◆ Task objective ◆
Would you output all the lines below precisely as they stand, leaving each picture out?

◆ Given information ◆
+ + +

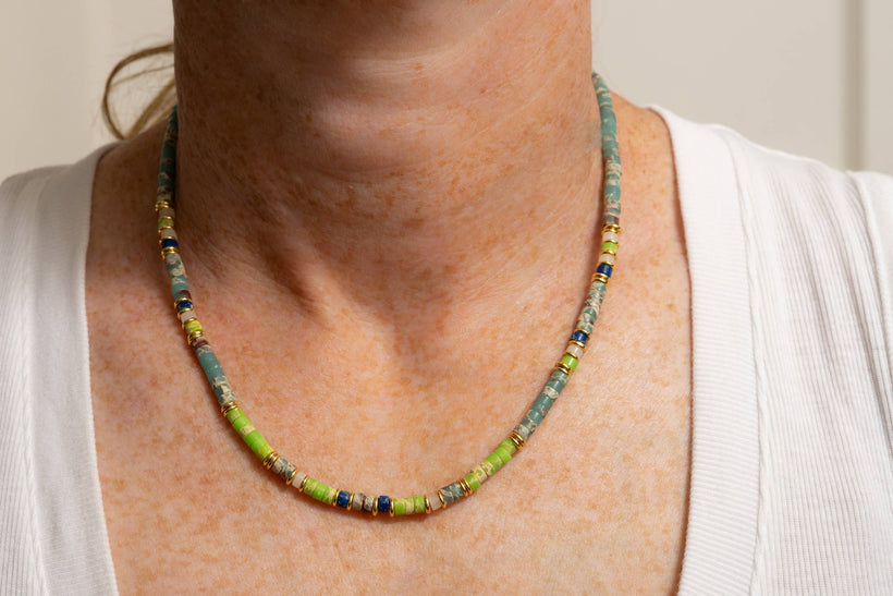 Green Hexagon Bee Necklace
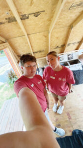 - Parker Burris, left, and Olivia Hawk work at the Little Farmers Exhibit June 17, 2025, at the Ohio State Fair. (Photo provided by Parker Burris)
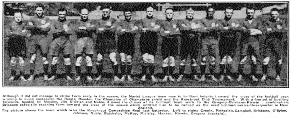 - ^ "Champions of Champions/Marist Defeats Ponsonby/Twenty Eight Points to 14". The New Zealand Herald. Vol. LXVI, no. 20373. 30 September 1929. p. 12. Retrieved 9 October 2019.

+ + +

◆ The completed task ◆
 Green Hexagon Bee Necklace
 - Parker Burris, left, and Olivia Hawk work at the Little Farmers Exhibit June 17, 2025, at the Ohio State Fair. (Photo provided by Parker Burris)
 - ^ "Champions of Champions/Marist Defeats Ponsonby/Twenty Eight Points to 14". The New Zealand Herald. Vol. LXVI, no. 20373. 30 September 1929. p. 12. Retrieved 9 October 2019.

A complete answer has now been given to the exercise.